Task to complete: In the entries below, repeat only the lines between those holding "Жизнь, как и" and "Dynamics of nitrogen", inclusive. Leave pictures out.

### Exercise data ###

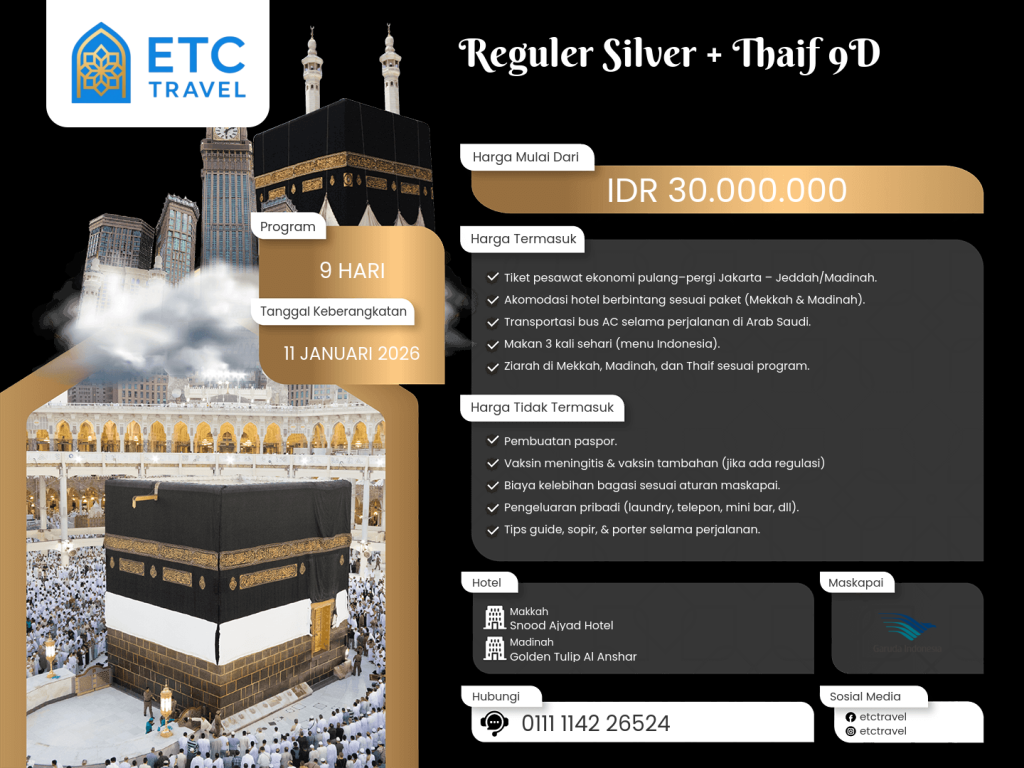 - Harga paket dapat berubah sewaktu-waktu menyesuaikan kebijakan maskapai, hotel, dan regulasi pemerintah Saudi maupun Indonesia.
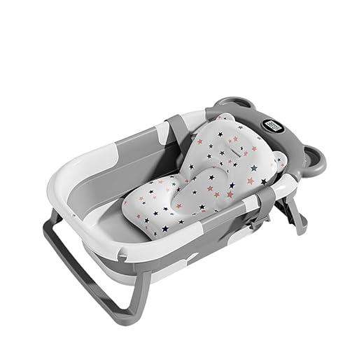 JNGLGO Baby badkar vikbart babybadkar med badkudde baby badkudde baby badkar halkfritt babybadkar för nyfödda småbarn, 82 x 50 x 22 cm, grå
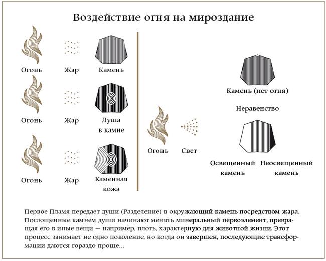 Жизнь, как и огонь, многообразна, у нее множество стремлений и вариаций – такова уж хаотичная природа Разделения. Но на поведение живых существ влияет и сознание, которое может быть как рациональным, так и иррациональным по собственному разумению; в этом можно убедиться, посмотрев на персонажей на нашем пути. Мы можем иметь общее представление, как будет действовать человек, но что конкретно он будет делать и почему – нет: этот порядок хаотичен. Тем не менее душа сохраняет определенные черты и наклонности, и эти качества по своей сути накладывают на действия живых существ ограничения или, по крайней мере, создают препятствия. И не только они.
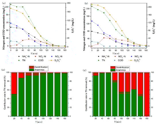 Dynamics of nitrogen removal and thiosulfate consumption and the contribution rates of denitrification and anammox to TN removal in batch experiments: (a,c) CEA 55%, S/N 1.24, COD 25 mg/L; (b,d) CEA 63%, S/N 1.38, COD 25 mg/L.
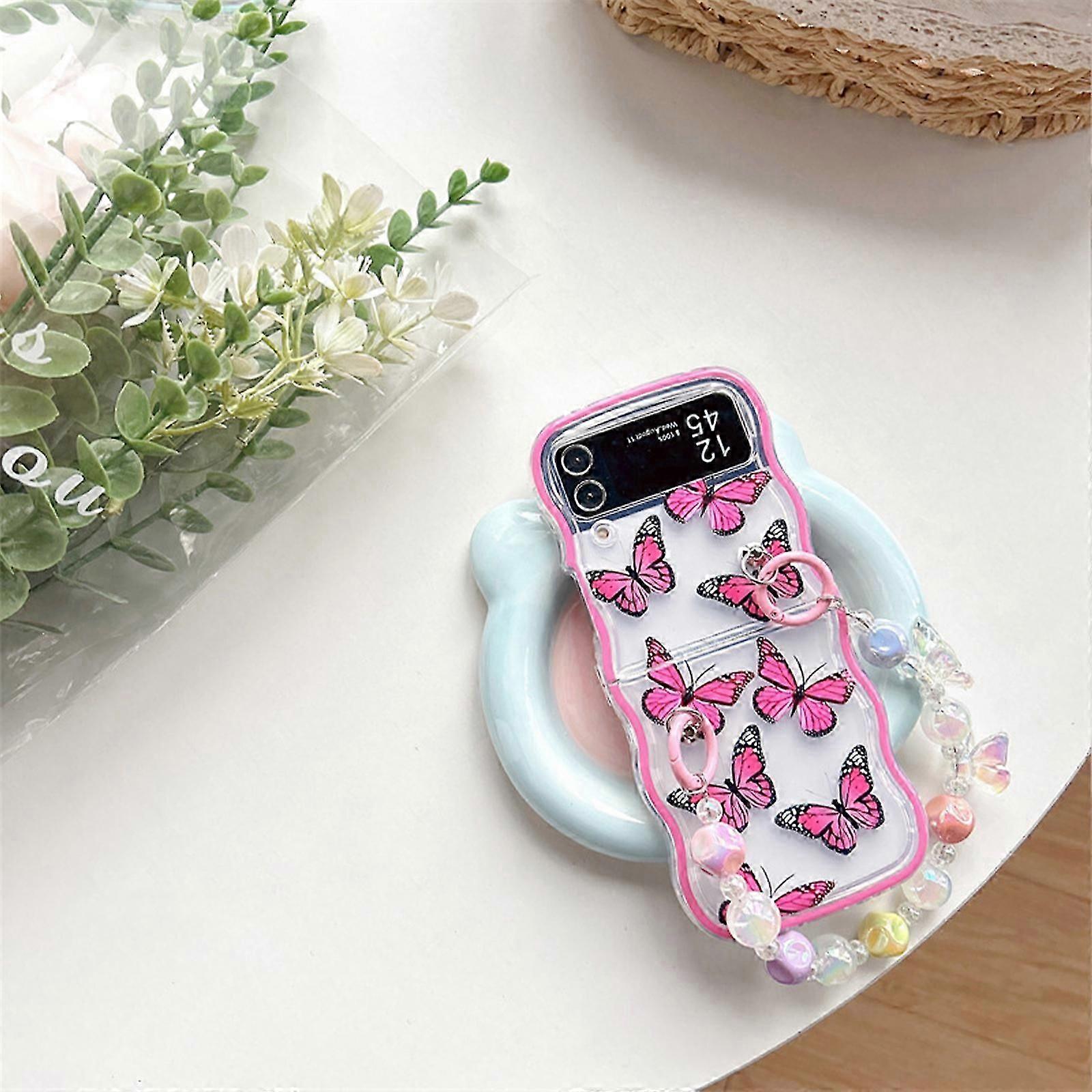 Case for Samsung Galaxy Z Flip 5 with Wrist Strap, Flower Butterfly PC Case Galaxy Z Flip 5, Wave Shell Case for Samsung Z Flip 5

###

Result of this task:
 Жизнь, как и огонь, многообразна, у нее множество стремлений и вариаций – такова уж хаотичная природа Разделения. Но на поведение живых существ влияет и сознание, которое может быть как рациональным, так и иррациональным по собственному разумению; в этом можно убедиться, посмотрев на персонажей на нашем пути. Мы можем иметь общее представление, как будет действовать человек, но что конкретно он будет делать и почему – нет: этот порядок хаотичен. Тем не менее душа сохраняет определенные черты и наклонности, и эти качества по своей сути накладывают на действия живых существ ограничения или, по крайней мере, создают препятствия. И не только они.
 Dynamics of nitrogen removal and thiosulfate consumption and the contribution rates of denitrification and anammox to TN removal in batch experiments: (a,c) CEA 55%, S/N 1.24, COD 25 mg/L; (b,d) CEA 63%, S/N 1.38, COD 25 mg/L.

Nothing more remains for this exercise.